Remember the newspaper?

It used to come knocking at the door around six in the morning. It kept Dad busy for the first hour of the day. It made great wrapping paper and cushion for fragile pottery. Most of all, however, the newspaper did the most important job of keeping its readers informed.

“A newspaper owner gets a place at every table, access to all the top politicians’ ears, and the power to impose his worldview on his readers,” writes Jack Shafer in a 2009 article for Slate titled, “The Great Newspaper Crackup of 1918.”

The newspaper has recently suffered a few setbacks — namely, the Internet — and alas, it’s finally on its way out. Most journalist mourn the death of the newspaper, but I say, why not celebrate it?

The truth is while the newspaper is dying, journalism isn’t. In fact, I happen to believe that journalism is in a period of renaissance. The rebirth of word-of-mouth journalism in the form of blogging and micro-blogging has made way to a whole new wave of journalists that exert more creativity than any writer, editor or distributor of old news.

At the same time, we shouldn’t forget to celebrate the life of the newspaper, which, if you think about it, lasted an extremely long time. To be exact, if you include the tipao and the acta, the newspaper lived for well over 1,000 years. I’d say that’s a reason for praise.

One setback, however, of the rapid popularity and velocity of the Internet, is the cheapened state of journalism that the web has perpetuated. In a 2007 Wall Street Journal article titled, “Read All About It: How newspapers got into such a fix, and where they go from here,” Paul E. Steiger discusses the many implications of the death of newspapers and the rise of online journalism.

“Anyone with a fact, a comment, a snapshot or a video clip can self-publish and instantly compete with the professionals,” Steiger states.

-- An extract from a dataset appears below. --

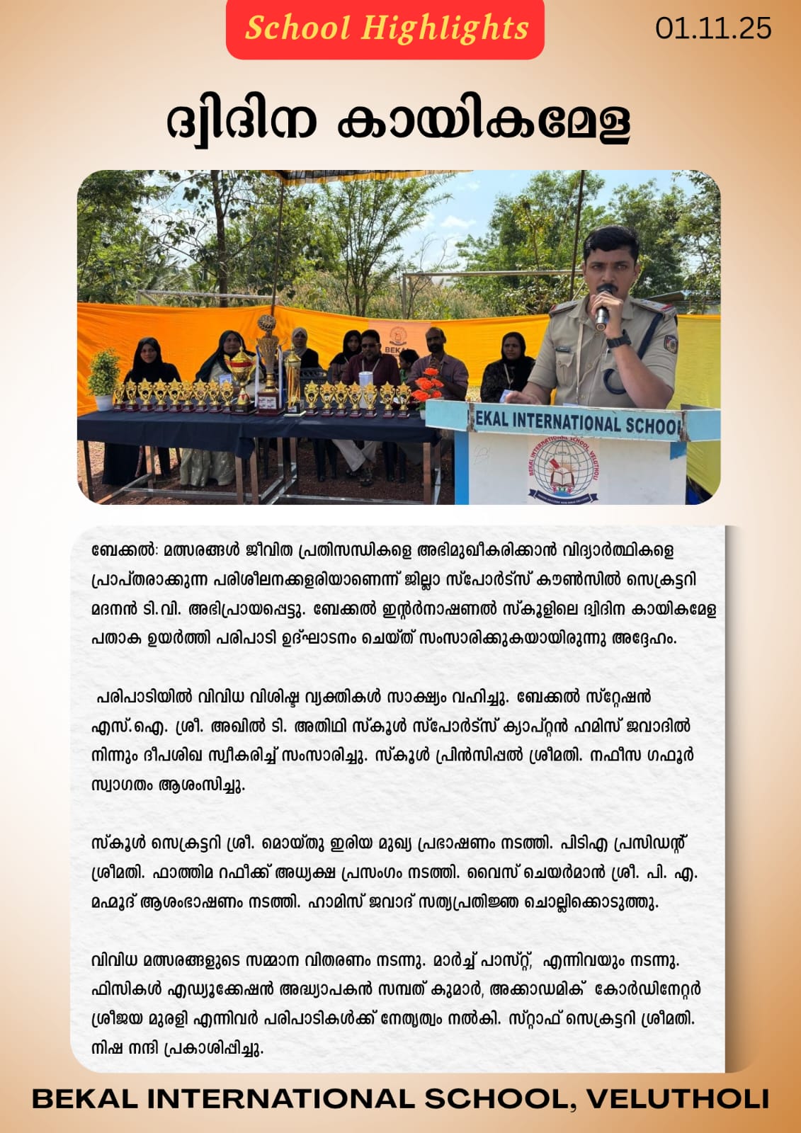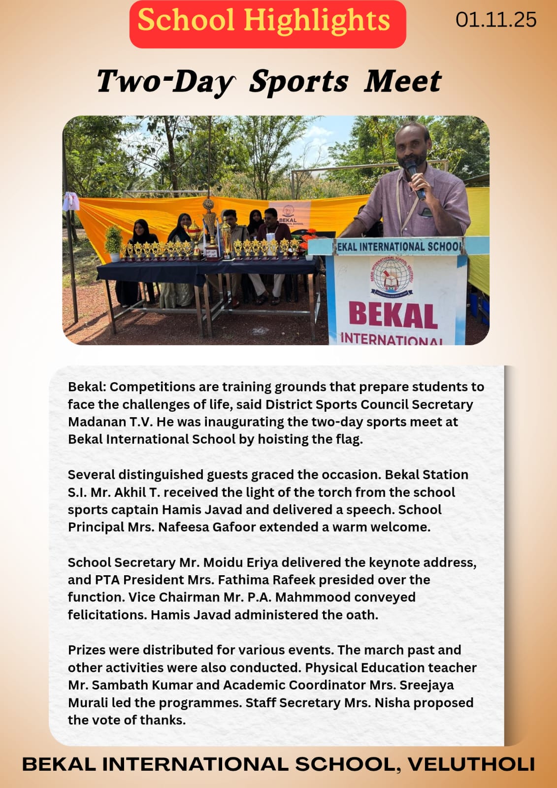 Bekal International School also known as BINS. The school was established in 2009. Bekal Internation

With the opportunity to be a journalist being given to anyone and everyone, there is the fear that it will lead to a less-informed public. I happen to believe that the mass boom of online bloggers and word-of-mouth news will be more reliable than network news and newspapers. The reasoning is that social media is self-correcting. If an inaccuracy is published, someone else will come along and correct it. This domino effect will take place until the truth is out. The real danger (in my opinion) lies in trusting a single gatekeeper (or a select few) to keep the public informed.